Exercise goal
Please, from the entries below, transcribe exactly the lines that begin at the line with "Servimos en copa" and end at the line with "Handcrafted Gourd Crystal", without the pictures.

Material supplied
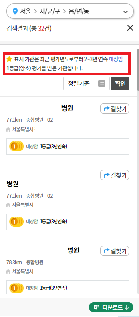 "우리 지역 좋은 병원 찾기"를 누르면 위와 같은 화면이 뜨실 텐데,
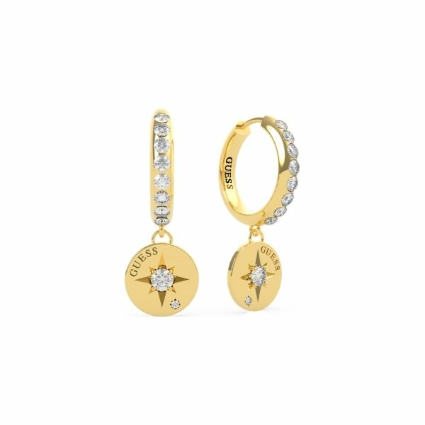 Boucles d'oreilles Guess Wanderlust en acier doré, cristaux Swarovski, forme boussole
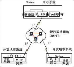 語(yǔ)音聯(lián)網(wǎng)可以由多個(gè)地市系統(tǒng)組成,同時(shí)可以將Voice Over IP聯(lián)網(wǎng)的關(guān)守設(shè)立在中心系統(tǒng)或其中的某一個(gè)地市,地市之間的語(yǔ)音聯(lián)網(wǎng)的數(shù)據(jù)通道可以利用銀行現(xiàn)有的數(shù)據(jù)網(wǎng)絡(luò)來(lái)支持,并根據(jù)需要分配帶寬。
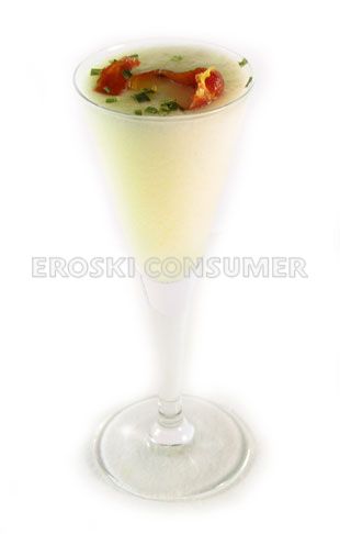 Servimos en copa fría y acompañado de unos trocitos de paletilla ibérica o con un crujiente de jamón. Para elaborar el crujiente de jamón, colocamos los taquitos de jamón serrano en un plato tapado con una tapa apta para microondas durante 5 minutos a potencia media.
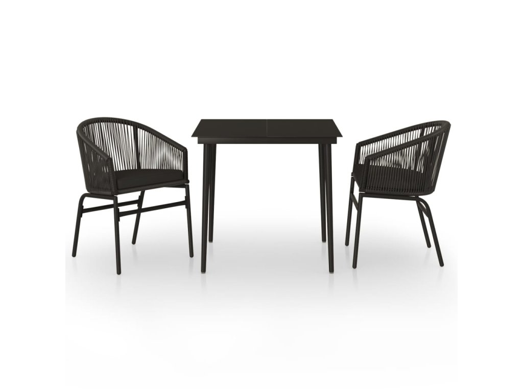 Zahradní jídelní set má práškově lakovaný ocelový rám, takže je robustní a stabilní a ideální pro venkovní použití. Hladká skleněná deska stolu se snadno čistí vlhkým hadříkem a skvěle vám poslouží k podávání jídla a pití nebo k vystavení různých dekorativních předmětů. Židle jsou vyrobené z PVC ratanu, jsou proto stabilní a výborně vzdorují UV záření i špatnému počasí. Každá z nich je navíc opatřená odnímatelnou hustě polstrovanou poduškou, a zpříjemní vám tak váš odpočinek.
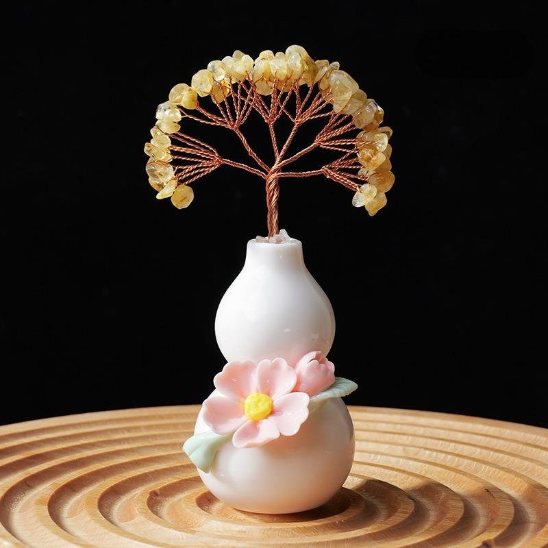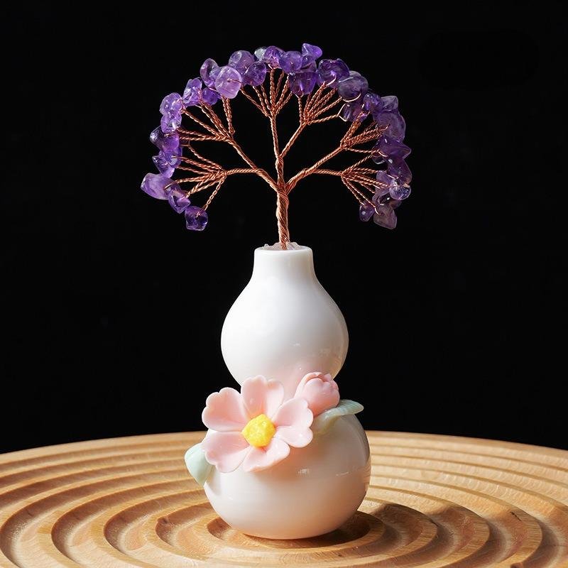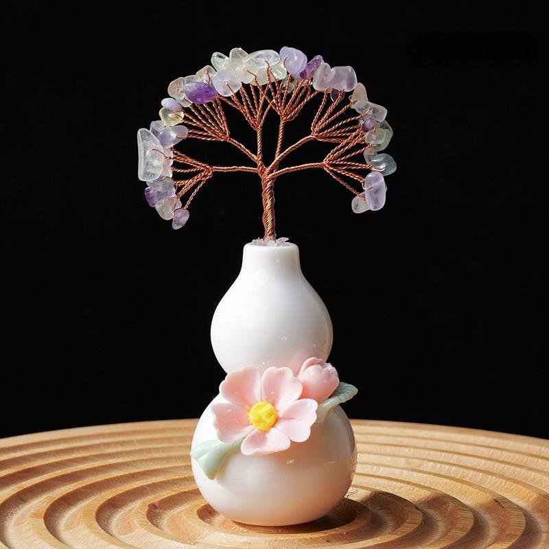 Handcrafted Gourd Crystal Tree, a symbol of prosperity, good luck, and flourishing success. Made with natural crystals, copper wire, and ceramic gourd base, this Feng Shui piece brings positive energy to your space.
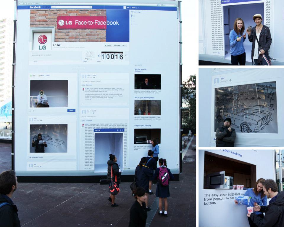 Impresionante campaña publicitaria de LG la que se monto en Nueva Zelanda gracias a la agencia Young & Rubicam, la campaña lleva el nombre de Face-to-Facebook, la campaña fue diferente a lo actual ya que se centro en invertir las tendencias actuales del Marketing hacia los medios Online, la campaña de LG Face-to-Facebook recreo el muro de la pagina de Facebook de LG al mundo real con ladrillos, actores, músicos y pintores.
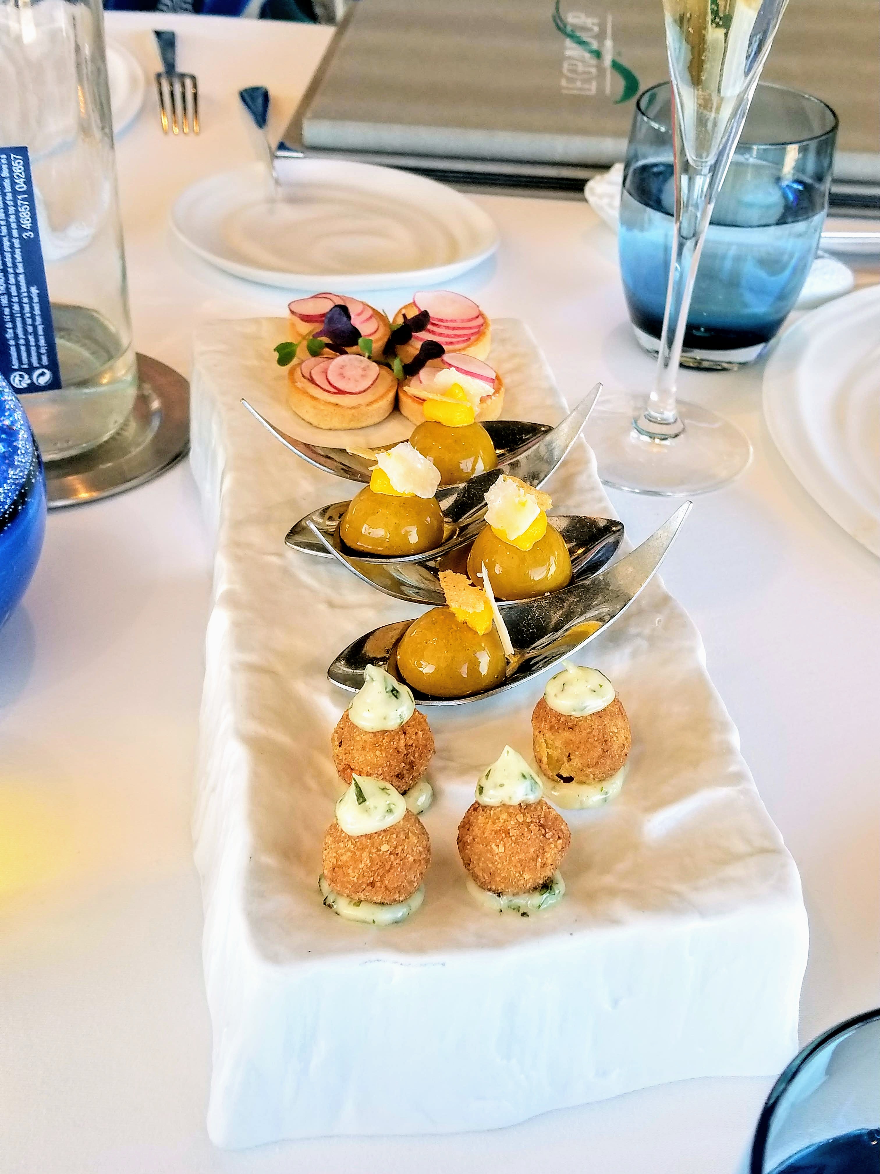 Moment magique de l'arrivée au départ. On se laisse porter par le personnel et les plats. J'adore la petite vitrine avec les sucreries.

---

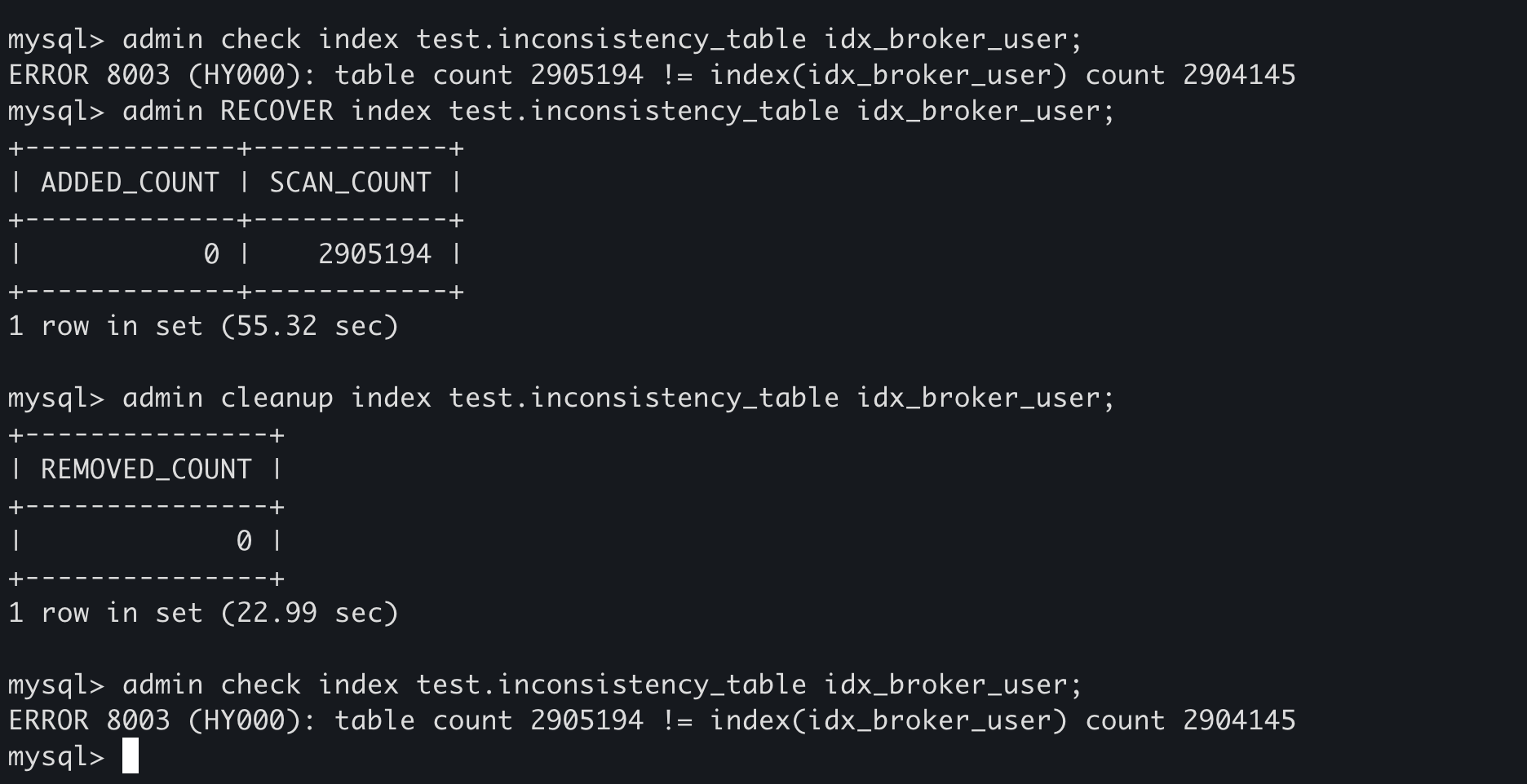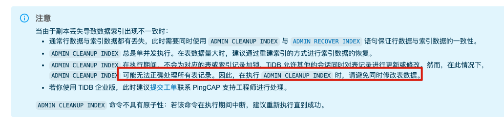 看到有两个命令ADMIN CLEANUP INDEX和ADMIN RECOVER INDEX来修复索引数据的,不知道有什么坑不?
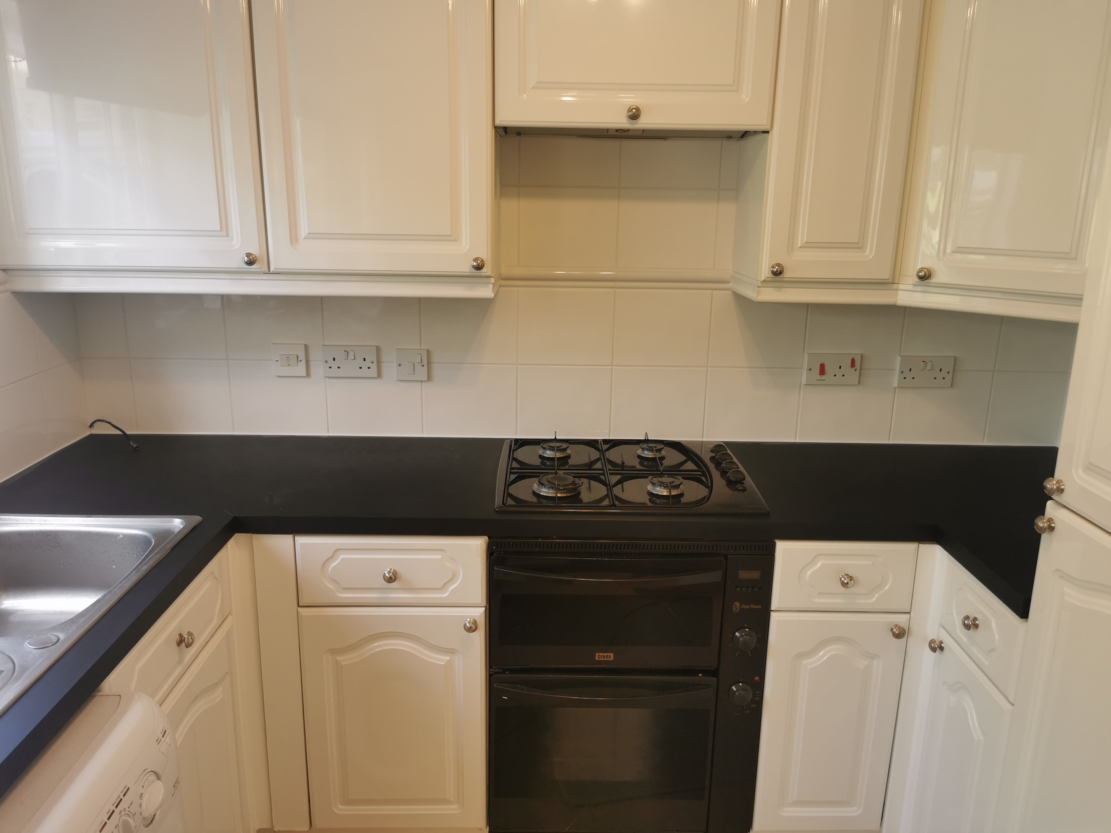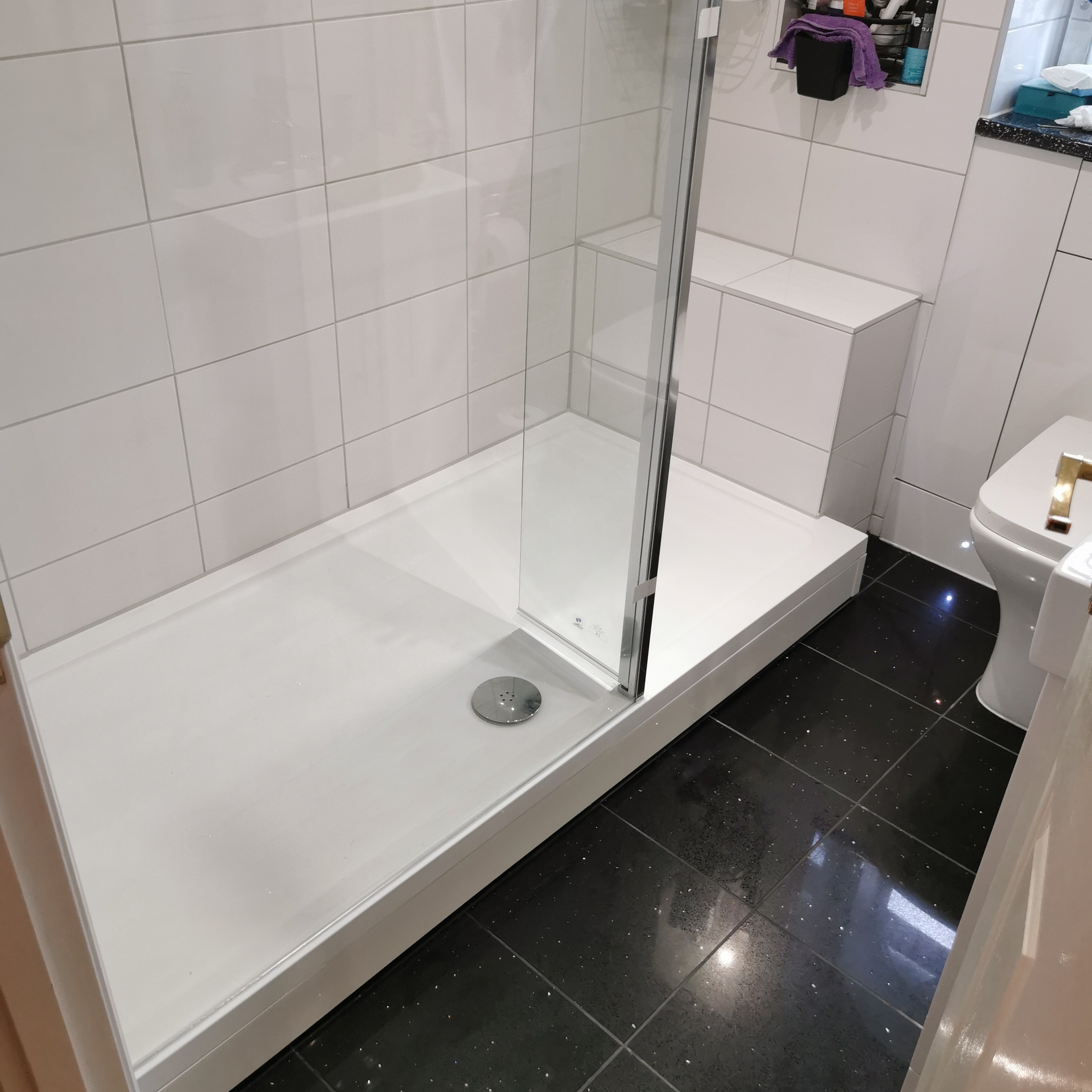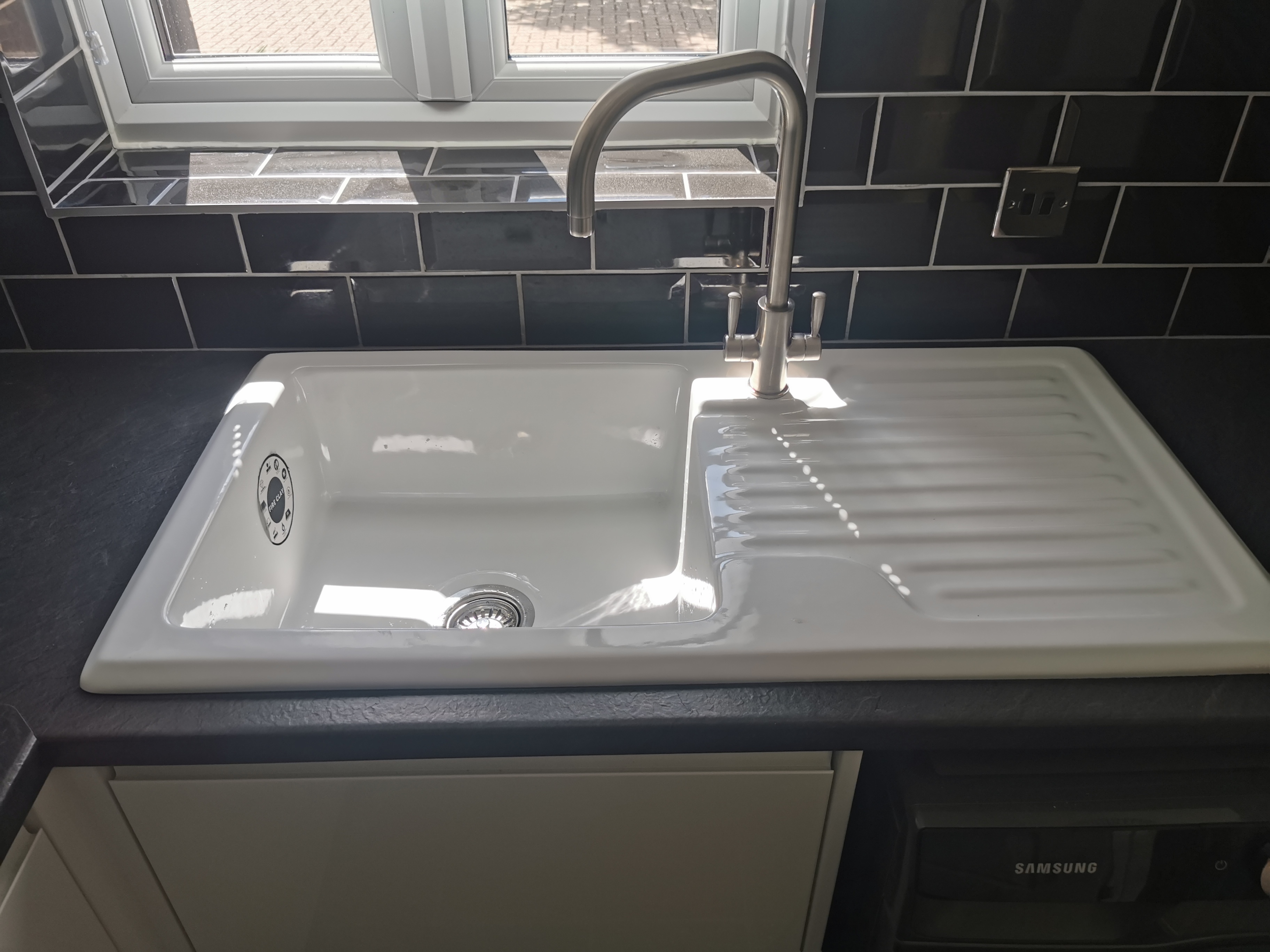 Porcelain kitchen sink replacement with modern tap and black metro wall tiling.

Written solution
 Servimos en copa fría y acompañado de unos trocitos de paletilla ibérica o con un crujiente de jamón. Para elaborar el crujiente de jamón, colocamos los taquitos de jamón serrano en un plato tapado con una tapa apta para microondas durante 5 minutos a potencia media.
 Zahradní jídelní set má práškově lakovaný ocelový rám, takže je robustní a stabilní a ideální pro venkovní použití. Hladká skleněná deska stolu se snadno čistí vlhkým hadříkem a skvěle vám poslouží k podávání jídla a pití nebo k vystavení různých dekorativních předmětů. Židle jsou vyrobené z PVC ratanu, jsou proto stabilní a výborně vzdorují UV záření i špatnému počasí. Každá z nich je navíc opatřená odnímatelnou hustě polstrovanou poduškou, a zpříjemní vám tak váš odpočinek.
 Handcrafted Gourd Crystal Tree, a symbol of prosperity, good luck, and flourishing success. Made with natural crystals, copper wire, and ceramic gourd base, this Feng Shui piece brings positive energy to your space.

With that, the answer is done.